Among the 26 women who completed the study (14 on oral treatment and 12 on topical treatment), the drop in a marker for cancer cell growth (Ki-67) in the breast tissue was similar in both groups – based on comparisons of tissue from the core biopsy and the surgical excision. The mean concentration of 4-OHT in the breasts was also similar in the two groups, but mean plasma 4-OHT levels were about fivefold higher among those on oral tamoxifen (1.1 ng/mL vs. 0.2 ng/mL). Increases in coagulation-related proteins were detected among those on oral tamoxifen, but not in the women on topical treatment. The rate of hot flashes was not different in the two groups.
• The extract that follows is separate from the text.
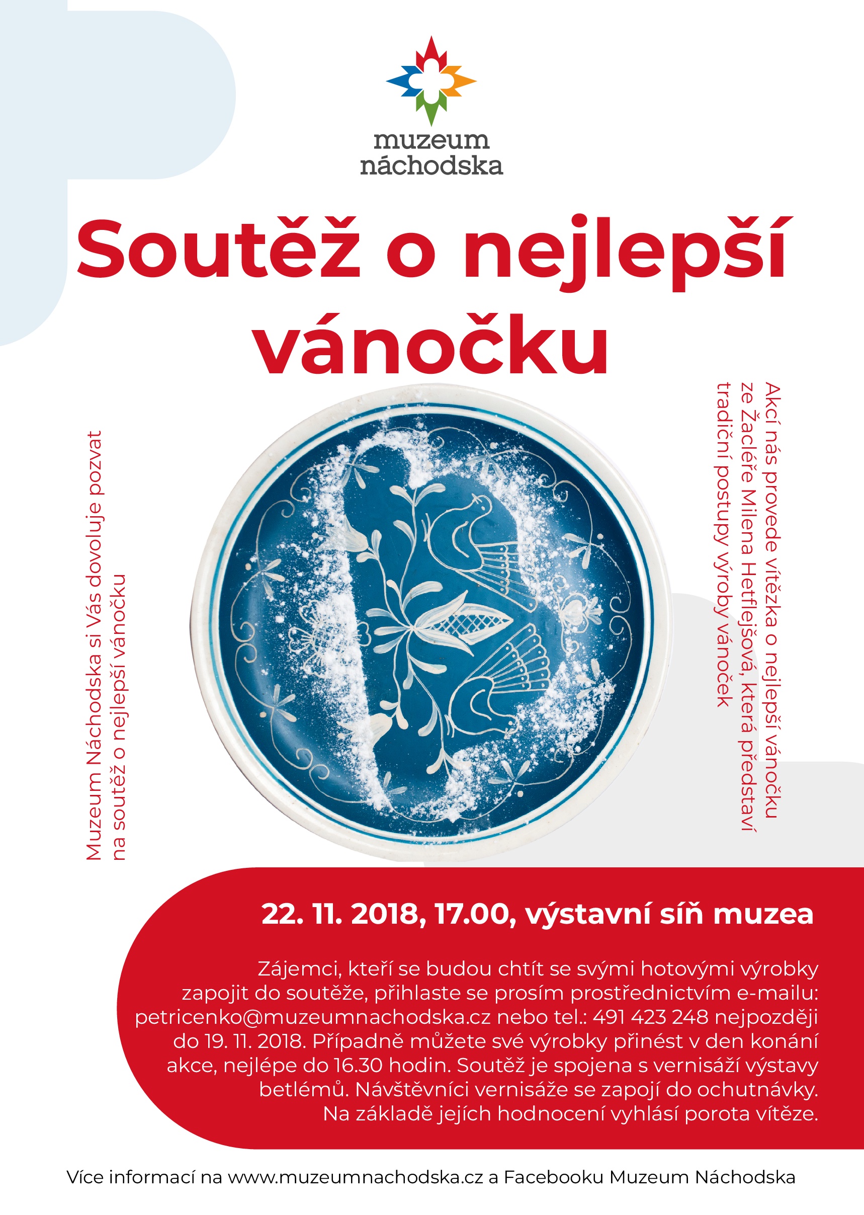 Muzeum Náchodska si Vás dovoluje pozvat na soutěž o nejlepší vánočku, která se uskuteční dne 22. 11. 2018 v 17.00 ve výstavní síni Muzea Náchodska.

"Delivering the drug through a gel, if proven effective in larger trials, could potentially replace oral tamoxifen for breast cancer prevention and DCIS and encourage many more women to take it," another author, surgical oncologist Dr. Seema Khan, said in a press release on the results issued by Northwestern on July 15. "The gel minimized exposure to the rest of the body and concentrated the drug in the breast where it is needed, ... which should avoid potential blood clots as well as an elevated risk for uterine cancer," added Dr. Khan, professor of surgery and coleader of the breast cancer program at the Lurie cancer center.

The authors, which included others from Northwestern University; Washington University, St. Louis; and the National Cancer Institute, Bethesda, Md.; had no disclosures. The study was funded by the National Institutes of Health and BHR Pharma.